The technical work - industry-based question mapping, conditional logic, multi-step navigation, distributed deduplication - existed to serve one outcome: anticipating what the regulator would ask, and collecting those answers before the review even began.

What changed in the code

Before this feature, question generation was a static config:

// Before: same questions for every customer
var questions = LoadDefaultComplianceQuestions();
SendToPartner(application, questions);
// Partner replies: "We also need to know about X, Y, Z"
// Customer gets emailed. Waits. Answers.
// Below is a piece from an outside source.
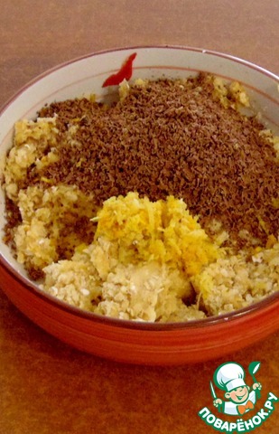 Хорошо перемешать, добавить тертый на мелкой терке шоколад и цедру апельсина.
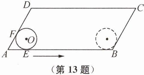 13. 如图, 在▱ABCD 中, ∠DAB = 60°,AB = 15 cm. 已知⊙O 的半径等于 3 cm,AB,AD 分别与⊙O 相切于点 E,F. ⊙O 在▱ABCD 内沿 AB 方向滚动, 与 BC 边相切时运动停止. 试求⊙O 滚过的路程.

Waits again.

After:

// After: industry-adaptive generation
var industry = GetIndustryClassification(customer);
var questionGroups = MapIndustryToQuestionGroups(industry);
var tree = BuildConditionalTree(questionGroups);

// Customer answers during onboarding
var answers = CollectAnswersDuringOnboarding(tree);
var pruned = PruneByConditions(tree, answers);

SendToPartner(application, pruned);
// Partner receives complete data. No follow-up needed.

The difference in flow:

BEFORE:
Customer → Submit app → Partner reviews → Questions round 1
→ Customer replies (days) → More questions → Customer replies (days)
→ Approved
Total: days to weeks of back-and-forth

AFTER:
Customer → Answer compliance questions during onboarding → Submit app
→ Partner reviews (answers already attached) → Approved
Total: single onboarding session

No new infrastructure. No external dependencies. Just a question mapping layer, a conditional tree, and a deduplication guard - inserted into the existing onboarding pipeline.